Skip to content

perf(dsv4 qkv): precompute q-head rope factors#648

Open
wangqin1723-max wants to merge 1 commit into
hw-native-sys:mainfrom
wangqin1723-max:perf/dsv4-qkv-rope-cs-precompute
Open

perf(dsv4 qkv): precompute q-head rope factors#648
wangqin1723-max wants to merge 1 commit into
hw-native-sys:mainfrom
wangqin1723-max:perf/dsv4-qkv-rope-cs-precompute

Conversation

@wangqin1723-max

Copy link
Copy Markdown
Contributor

Summary

Move the head-invariant q-head RoPE setup out of each q_head_rms_nope_rope task and into a single q_rope_cs task.

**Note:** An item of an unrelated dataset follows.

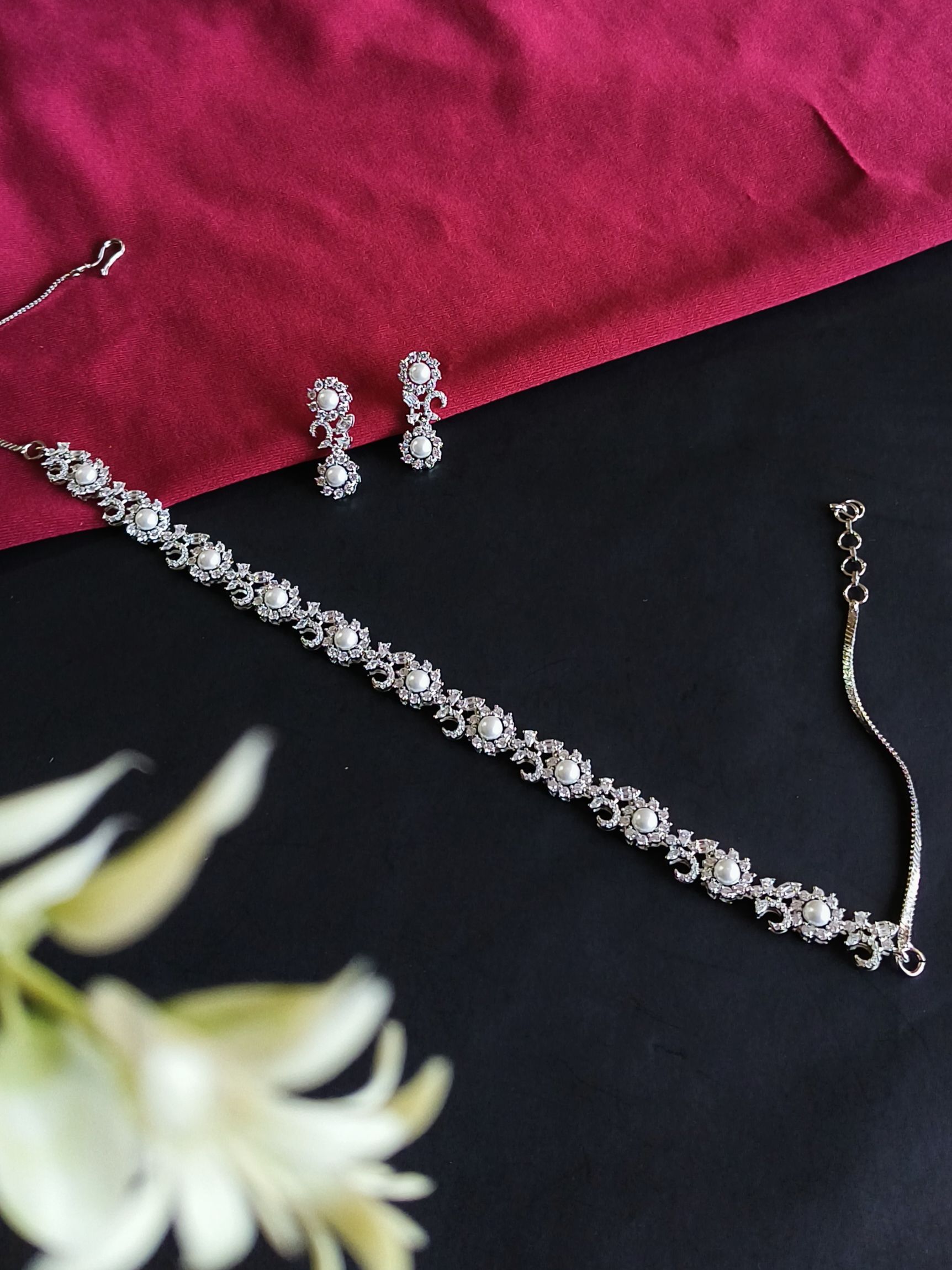 Beautifully crafted necklace made with high-quality brass, premium polish, and high-finish plating. Studded with shiny American Diamonds for a rich, elegant sparkle that enhances any festive look.
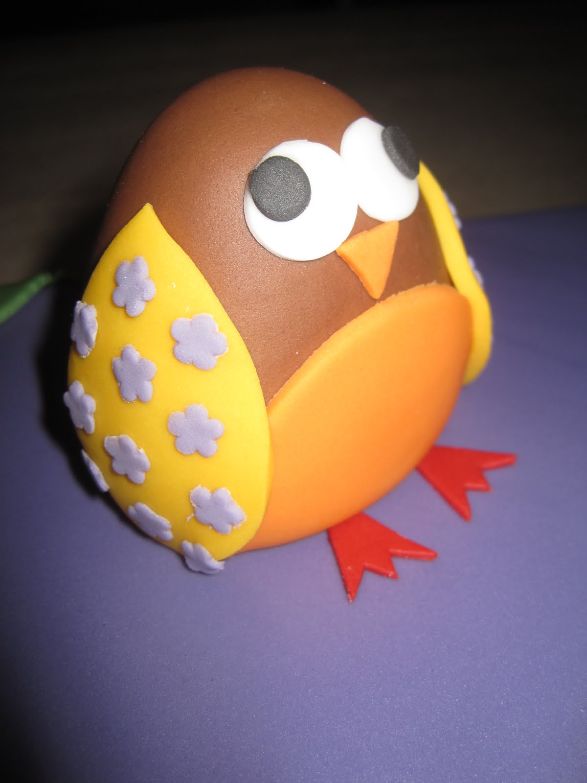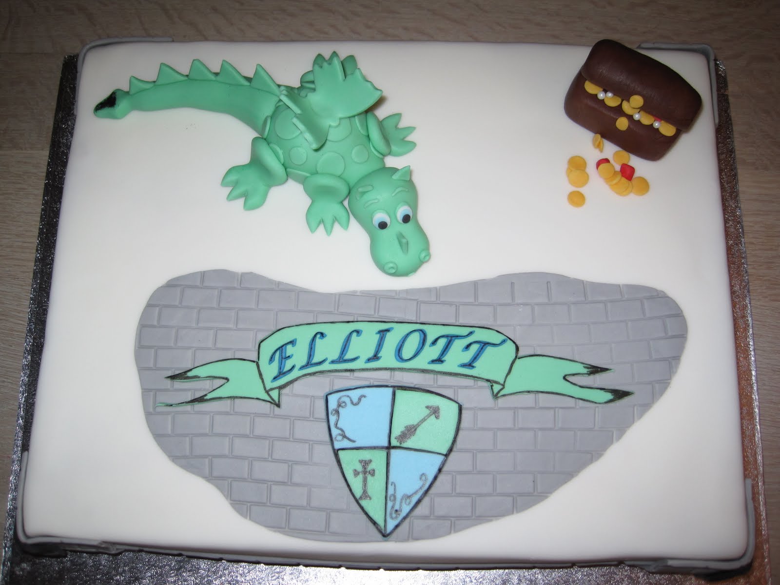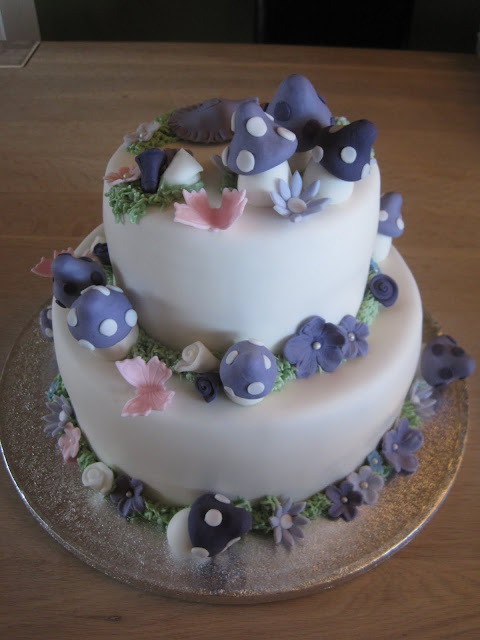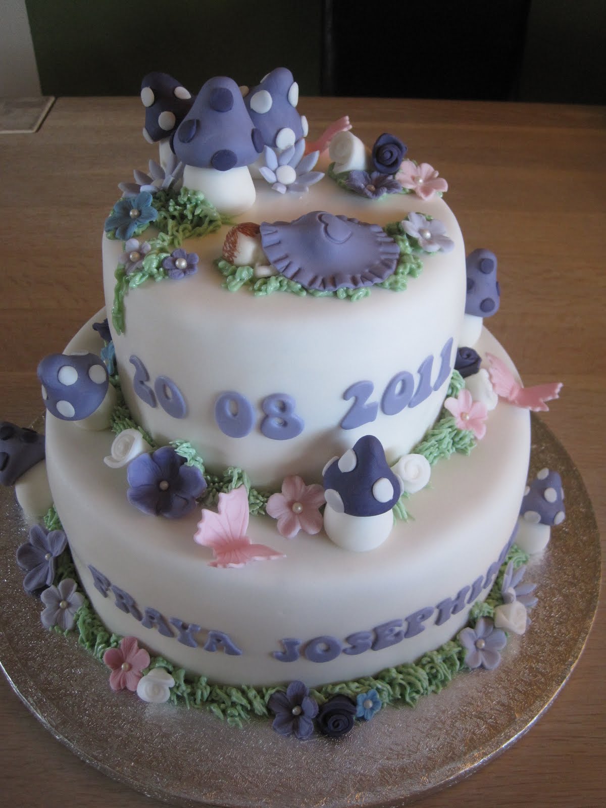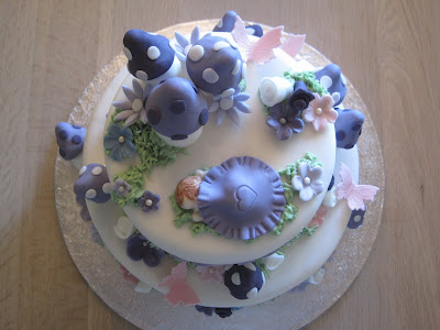 Drømmekagebunde, rabarbermousse og hvid chokoladecreme. Smurt op med PSC og pyntet med fondant.

Before this change, each q-head task rebuilt the interleaved RoPE setup locally:

  • dup_idx = j >> 1
  • sign = [-1, +1, ...]
  • swap_idx = j ^ 1
  • duplicated/interleaved cos and sin

This PR precomputes:

  • q_rope_cos_il
  • q_rope_sin_signed
  • q_rope_swap_idx

Then q_head_rms_nope_rope only loads those factors and keeps the same j^1 gather rotation:

out[j] = inv_rms * (x[j] * cos_il[j] + x[j^1] * sign[j] * sin_il[j])

No kernel input is added. The implementation avoids the even/odd scatter path, which was measured much slower.

Results

Measured on a2a3, fixed --device 3, 3 runs each. Logs and copied swimlane JSON files are under /data/w00956228/newpto/pypto-lib/.

Standalone qkv_proj_rope.py decode

Command:

python models/deepseek/v4/qkv_proj_rope.py -p a2a3 --mode decode --enable-l2-swimlane
metric before avg (n=3) after avg (n=3) delta
Total Test Time 220.967us 221.673us +0.32%
swimlane wall 258.613us 262.353us +1.45%
q_head_rms_nope_rope Avg Exec 22.227us 19.130us -13.93%
q_head_rms_nope_rope span 34.420us 31.347us -8.93%
new q_rope_cs Avg Exec n/a 5.047us n/a

Per-run logs:

  • qkv_proj_rope_qhead_ropecs_before_r{1,2,3}_dev3.log
  • qkv_proj_rope_qhead_ropecs_after_r{1,2,3}_dev3.log
  • qkv_proj_rope_qhead_ropecs_dev3_summary.txt

Full decode_attention_hca.py

Command:

python models/deepseek/v4/decode_attention_hca.py -p a2a3 --enable-l2-swimlane 1

Total Test Time in the HCA text table is unreliable (0.00us) due to L2 swimlane skipped-record warnings, so wall is computed from merged_swimlane_*.json, excluding setup events.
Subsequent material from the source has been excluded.